▶ [Brief] No pictures, please. Copy exactly the lines from the one with "早上7點15分,隊伍集結完畢" through the final line below.

▶ [Input data]

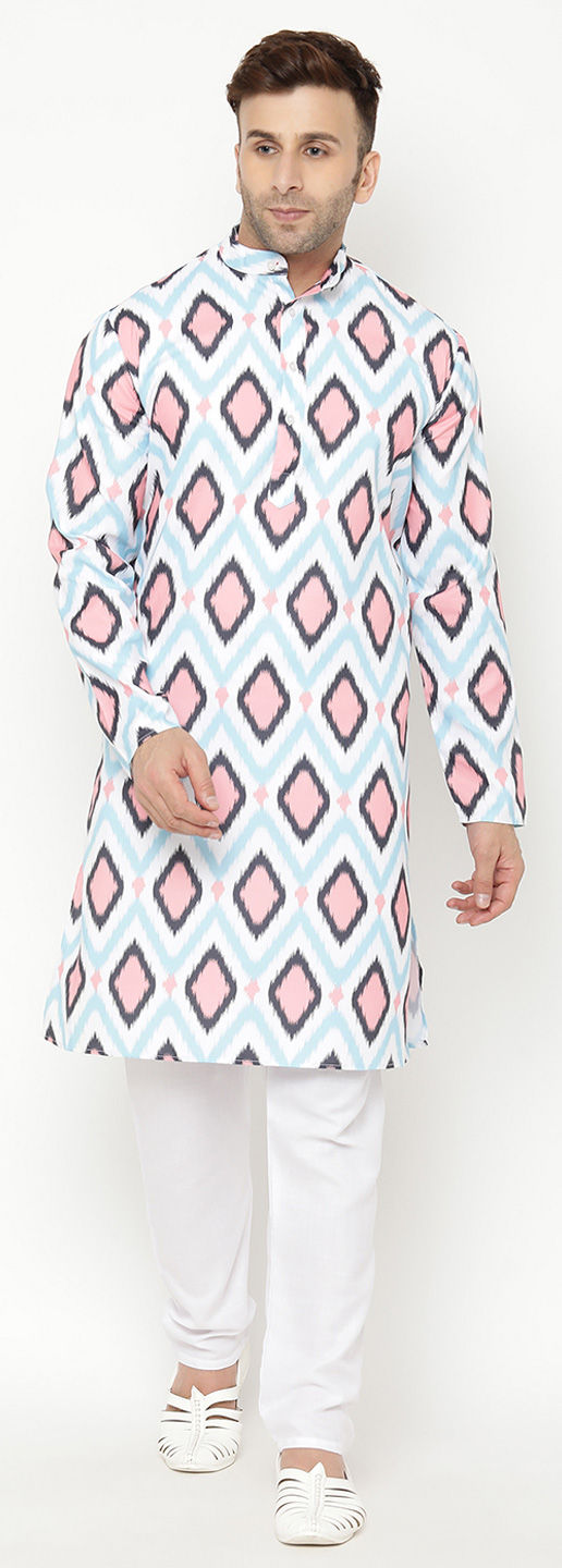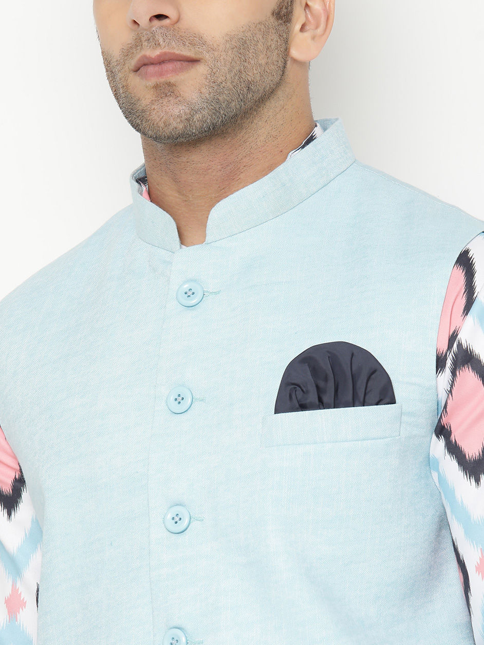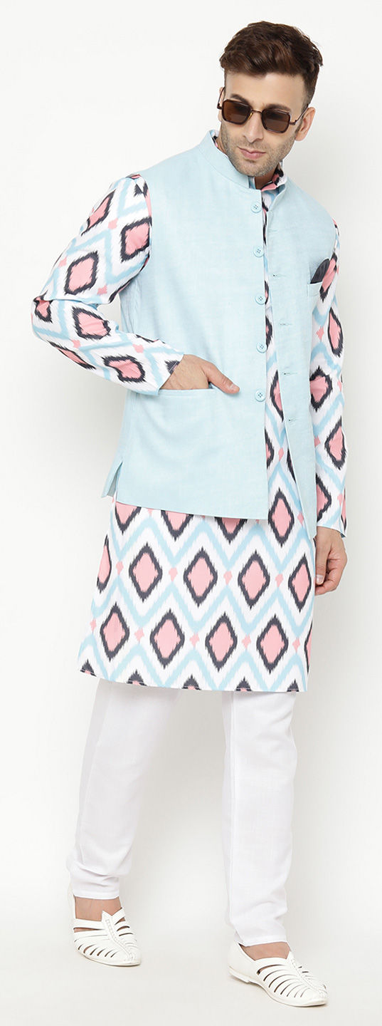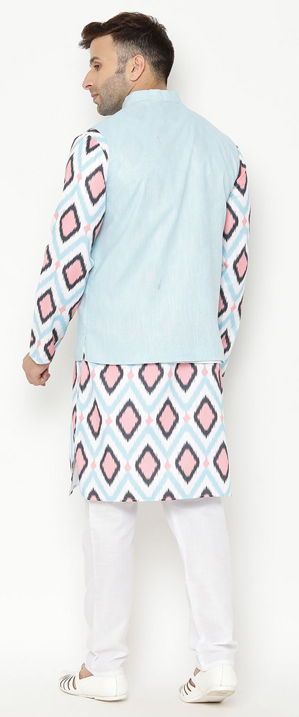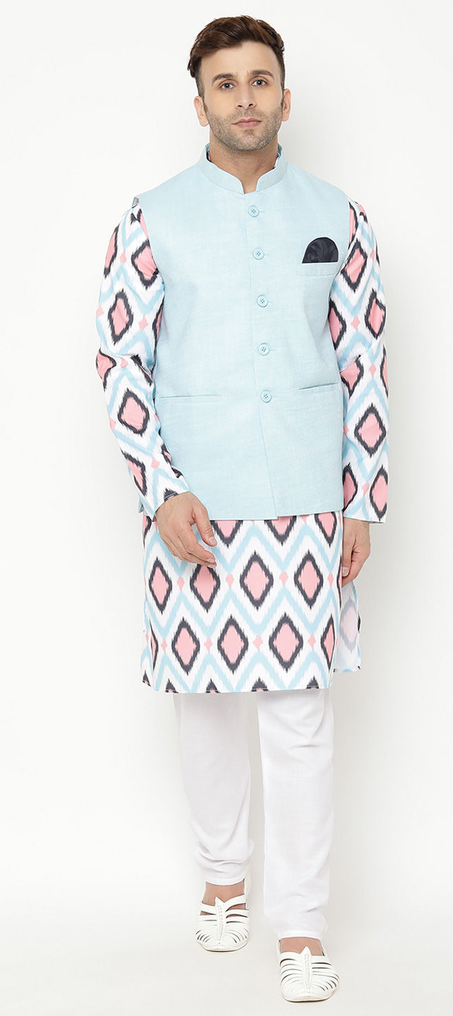 Blue color Kurta Pyjama with Jacket in Blended Cotton fabric with Printed work
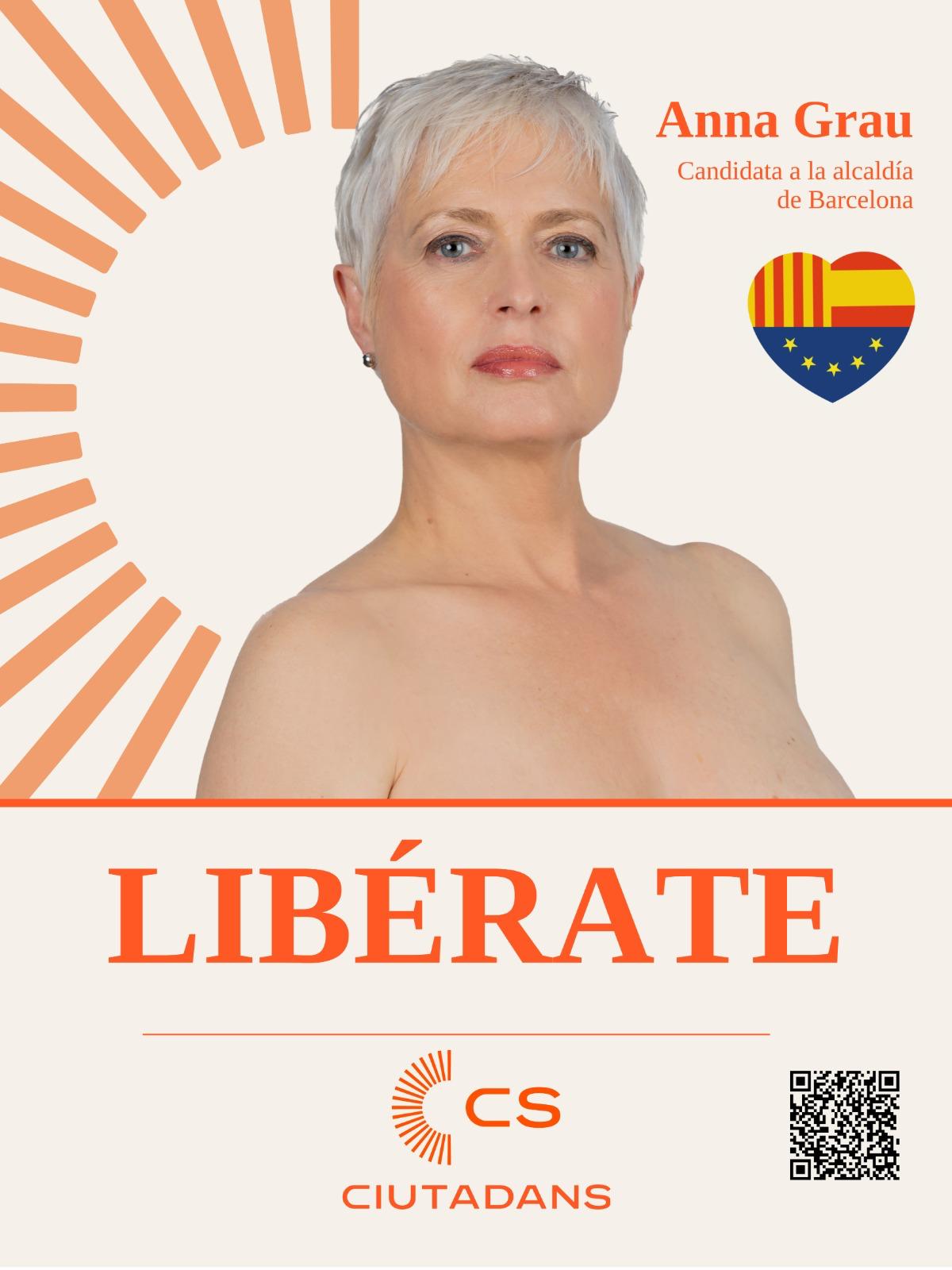Tampoco les ha gustado el cartel de Anna Grau, que posa desnuda en un guiño a lo que fue la primera campaña de Ciudadanos con el cartel de un joven Albert Rivera también sin ropa.
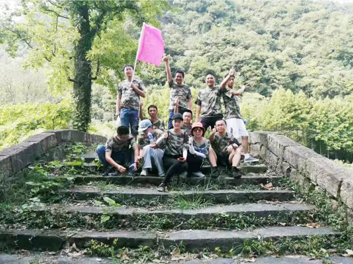 早上7點15分,隊伍集結完畢后就乘車前往本次活動目的地。本次活動共計66人,分別來自安徽基地各公司的不同部門,活動以破冰游戲拉開本次拓展序幕。組隊員、選隊長、畫隊旗、定口號、擺隊形,大家以最快的速度組成了6支小隊。
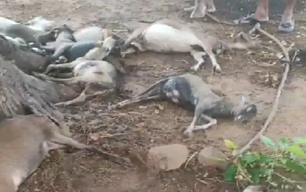 बकरियां करीब एक घंटे तक मैदान में चर रही थीं। इस दौरान हल्की बारिश के साथ आकाशीय बिजली चमकने लगी। सभी बकरियां एक पेड़ के नीचे एकत्रित हो गईं। अचानक आकाशीय बिजली गिरने से सभी बकरियों की मौत हो गई। किसान उस समय पास के एक दूसरे पेड़ के नीचे थे।

▶ [Completed task]
 早上7點15分,隊伍集結完畢后就乘車前往本次活動目的地。本次活動共計66人,分別來自安徽基地各公司的不同部門,活動以破冰游戲拉開本次拓展序幕。組隊員、選隊長、畫隊旗、定口號、擺隊形,大家以最快的速度組成了6支小隊。
 बकरियां करीब एक घंटे तक मैदान में चर रही थीं। इस दौरान हल्की बारिश के साथ आकाशीय बिजली चमकने लगी। सभी बकरियां एक पेड़ के नीचे एकत्रित हो गईं। अचानक आकाशीय बिजली गिरने से सभी बकरियों की मौत हो गई। किसान उस समय पास के एक दूसरे पेड़ के नीचे थे।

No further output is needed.